Борис Васильев - Кажется, со мной пойдут в разведку...
И тут я чувствую, что с коленями у меня происходит какая-то трясучка. Медленно опускаюсь на бревно, и боль вдруг наваливается на меня, словно только и ждала, когда я присяду. Болят лицо, голова, грудь, руки, живот — болит все, что способно болеть, даже волосы. Дыбом они вставали, что ли?..
— Генка, воды!.. — Это Федор.
— Не тронь его, — хрипит Славка. — Ему досталось не меньше нашего.
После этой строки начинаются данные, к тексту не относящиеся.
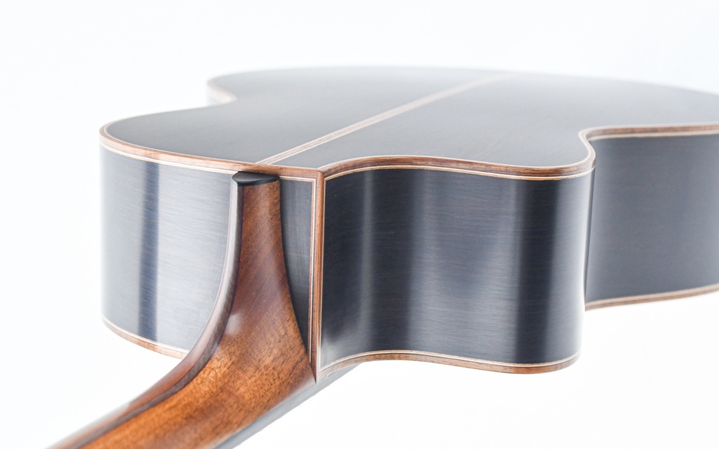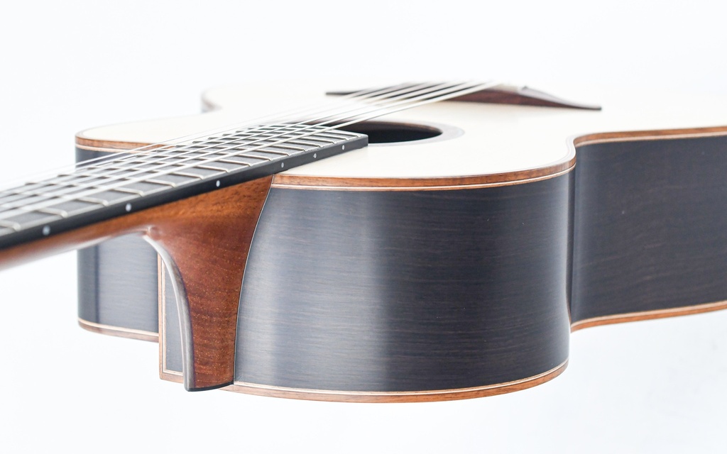 Der typische, klavierähnliche Lowden-Charakter ist bei dieser S50J durch die warme und reiche Klangpalette, die der Boden und die Zargen aus afrikanischem Schwarzholz (Master Grade) bieten, immer noch präsent. Der Korpus ist gepaart mit einer wunderschönen Master Grade Adirondack Fichtendecke und sorgt für beeindruckendes Volumen und Dynamik.
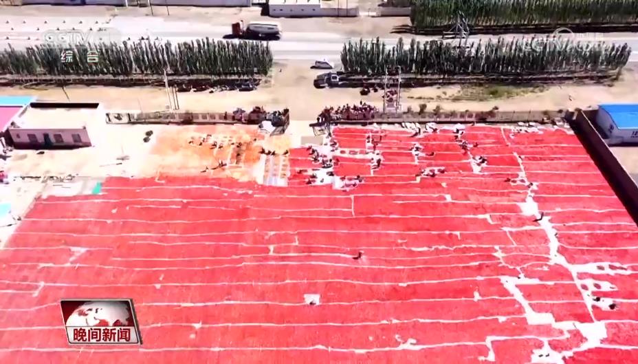 央视网消息:提到新疆的美食,甜美的瓜果对您来说可能已经很熟悉了,那您知道新疆还有一项“红色产业”吗?伏热已过,金秋将至,我们带您走进天山脚下,红色的田野里,去看一看那里的丰收故事。
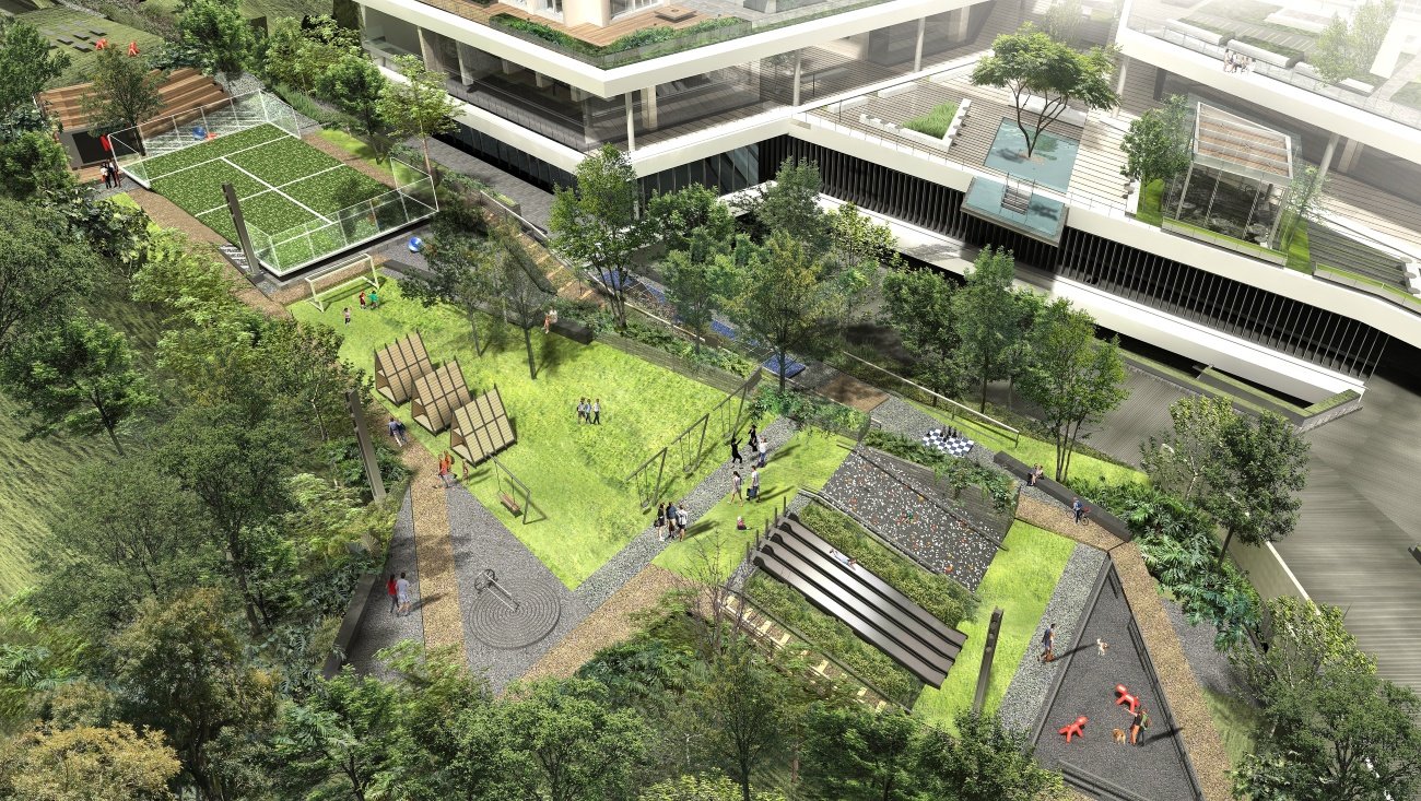 Zona zen, senderos, yoga, cine al aire libre, camping, dog park, juegos infantiles, ajedrez gigante.
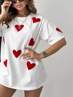 футболка белая оверсайз объемные 3D сердечки
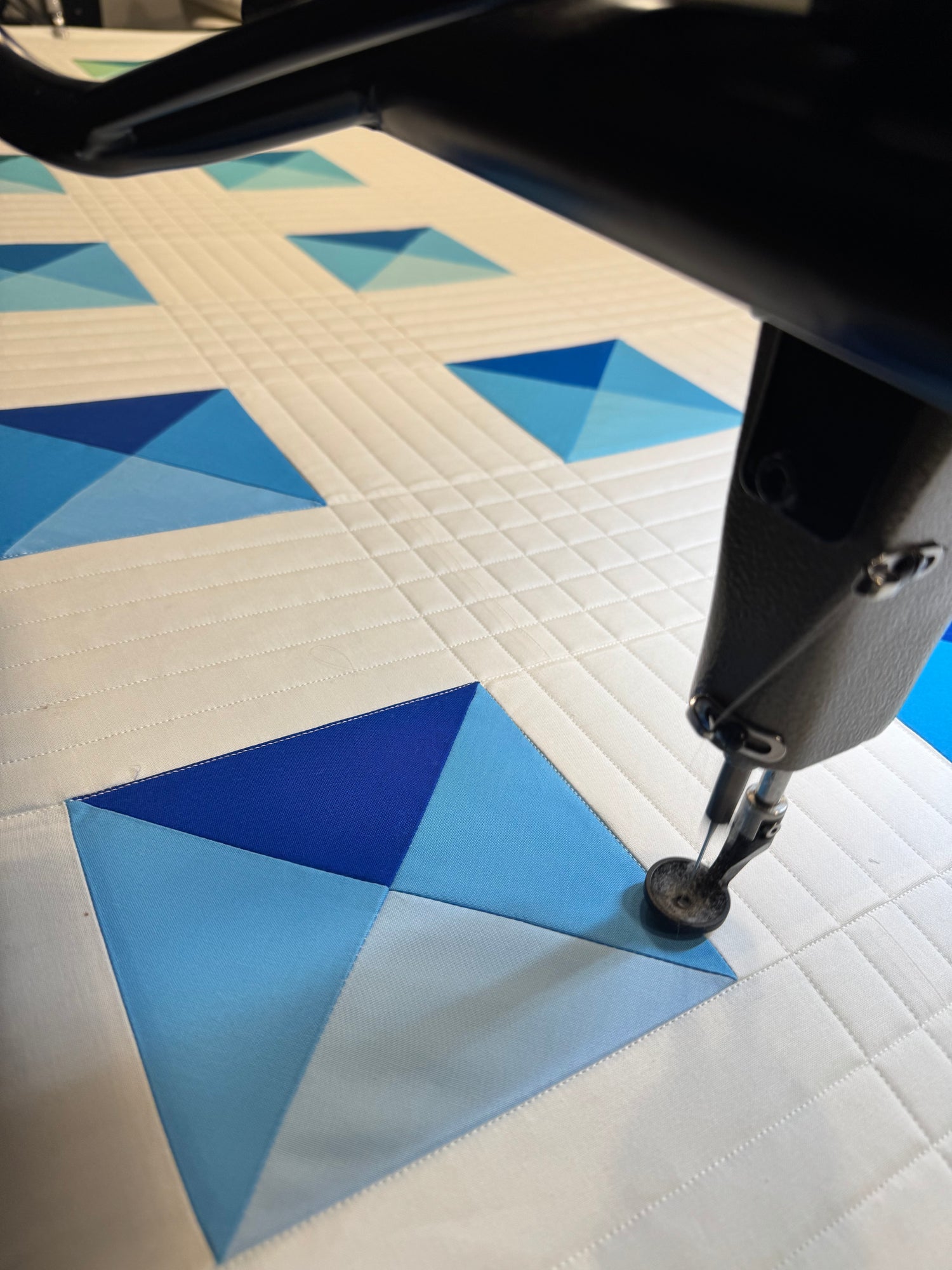 Custom quilting features unique designs for each quilt, with specific patterns for every block and border. We can create the perfect quilting design from scratch, made to suit your style and piecework. We will digitally draw over your quilt top to create a one-of-a-kind design, and then the machine will perfectly execute the stitching. This intricate process demands more skill and time, affecting the price, which varies based on design complexity, quilting density, and customer requirements.
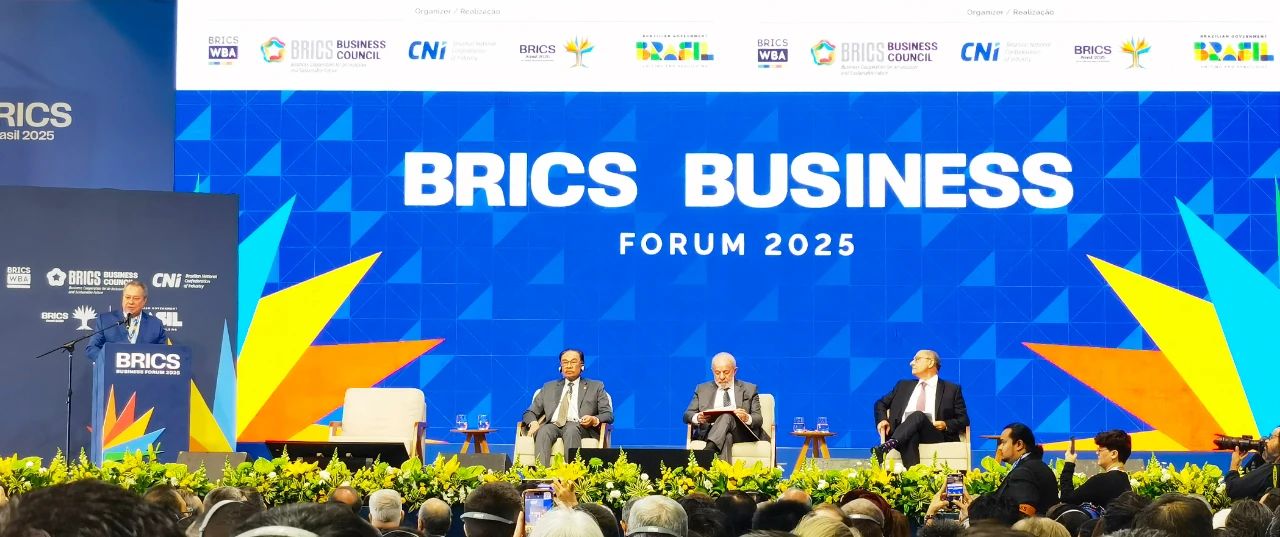 本网讯 7月5日,2025年金砖国家工商论坛在巴西里约热内卢举行。论坛围绕推动“大金砖合作”,就金砖国家经济可持续发展、粮食安全、能源转型、数字经济等一系列议题进行讨论。巴西总统卢拉出席开幕式并致辞,来自金砖国家的政府官员、企业代表、学者、智库专家和国际组织代表参会。金砖国家工商理事会中方理事,中国大唐集团有限多宝(中国)党组书记、董事长吕军受邀出席论坛开幕式,以及金砖国家工商理事会年度会议、金砖国家工商理事会中方理事会会议等相关活动,并与巴西国家电力多宝(中国)执行副总裁罗布森·坎波斯举行会谈。
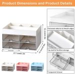 PREMIUM MATERIAL : This plastic desk organizer is made of high quality ABS material, non-toxic and tasteless, the material is tough and especially durable, smooth edges, safe to use for long term.MULTIPLE STORAGE SPACE : Small body with large capacity, great desktop assistant contains 4 Sections and 4 drawers, different compartments allow you to place items according to your needs, transparent drawers allow you to quickly find what you need, easy to place and take.APPLICABLE OCCASIONS : It can organize your dresser lotion, makeup brushes, lipstick, nail polish, cosmetics. Also great for organizing your desk stationery such as calculators, notepads, paper clips, pencils, scissors, flipcharts, business cards, notes and other small items.
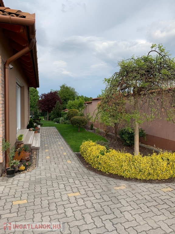 A csendes mellékutcából, kovácsoltvas elektromos működtetésű kapun keresztül a terjedelmes, térkővel burkolt előkertbe érkezünk, innen tárul elénk a 2011-ben épült, egyedi stílusú családi ház.

Федор идет к колодцу, а я удивляюсь настигшему меня приступу невесомости. Земная невесомость в отличие от космической имеет тенденцию к разделению тела на части: в то время как ноги наливаются ртутью, голова приобретает легкость и явно стремится ввысь. Словом, лечу я!..
Прихожу в себя, когда солнце светит вовсю. Я лежу в тени на брезенте, укутанный в два одеяла. Все у меня на месте, и закон всемирного тяготения вроде опять существует, но тело ломит так, будто я накануне слегка попал под грузовик.
— …из армии вернулся. А я и не знал, что Верка до призыва с ним гуляла! Пошел, как телок на бойню…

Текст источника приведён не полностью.